POST
/
audio
/
translations

Authorizations

Authorization
string
headerrequired

Bearer authentication header of the form Bearer <token>, where <token> is your auth token.

Body

multipart/form-data
file
file
required

The input audio file to transcribe. Common file formats such as mp3, flac, and wav are supported. Note that the audio will be resampled to 16kHz, downmixed to mono, and reformatted to 16-bit signed little-endian format before transcription. Pre-converting the file before sending it to the API can improve runtime performance.

model
string
default: whisper-v3

String name of the ASR model to use. Currently whisper-v3 is supported.

vad_model
string
default: silero

String name of the voice activity detection (VAD) model to use. Can be one of silero, or whisperx-pyannet.

alignment_model
string
default: tdnn_ffn

String name of the alignment model to use. Can be one of tdnn_ffn, mms_fa, or gentle.

prompt
string | null

The input prompt with which to prime transcription. This can be used, for example, to continue a prior transcription given new audio data.

temperature
number
default: 0

Sampling temperature to use when decoding text tokens during transcription.

response_format
string
default: json

The format in which to return the response.
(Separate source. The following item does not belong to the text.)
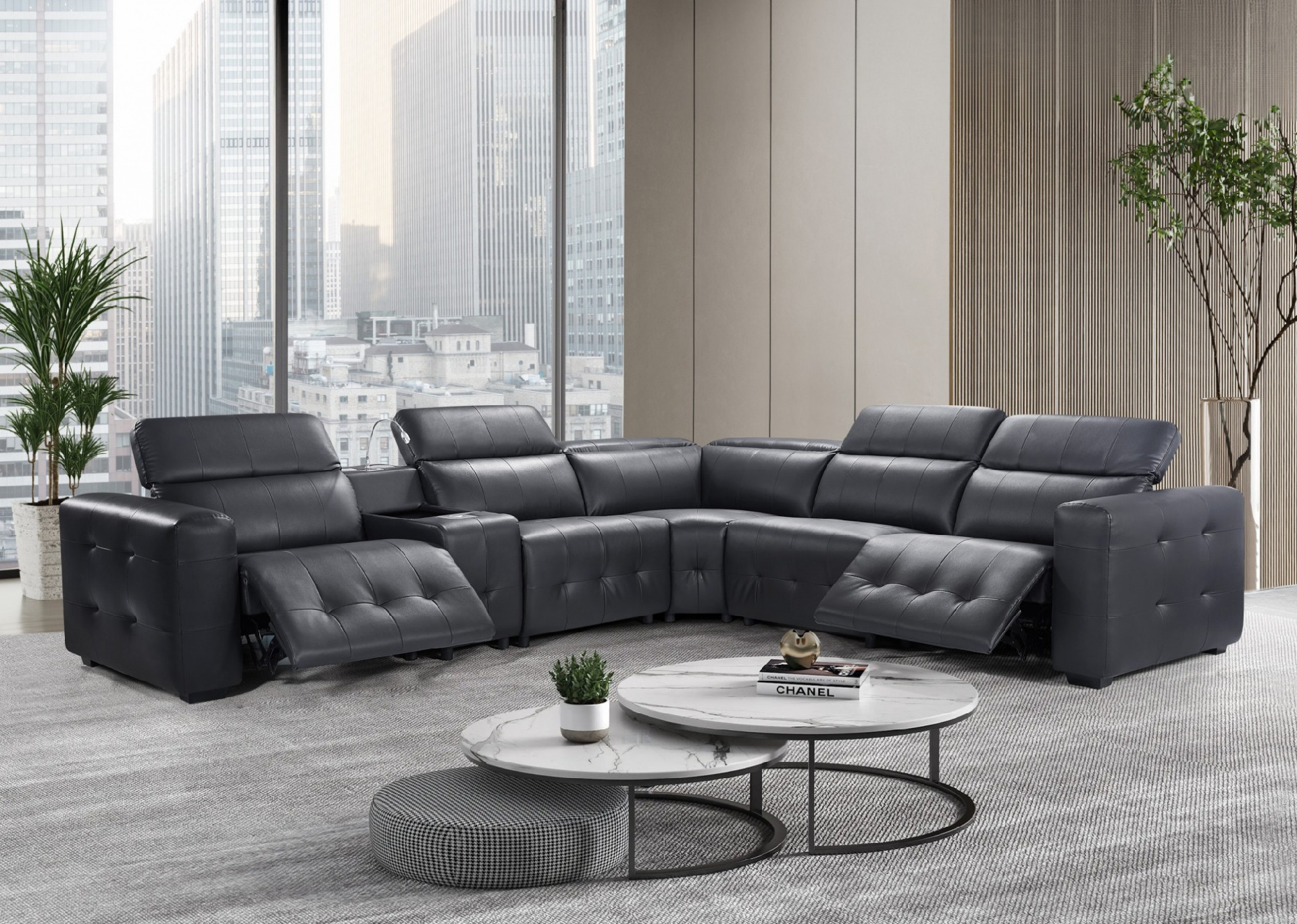 Power motion recliner corner sofa with console

Can be one of json, text, srt, verbose_json, or vtt.

preprocessing
string
default: none

Audio preprocessing mode. Currently supported:

  • none to skip audio preprocessing.
  • dynamic for arbitrary audio content with variable loudness.
  • soft_dynamic for speech intense recording such as podcasts and voice-overs.
  • bass_dynamic for boosting lower frequencies;

Response

200 - application/json
text
string
required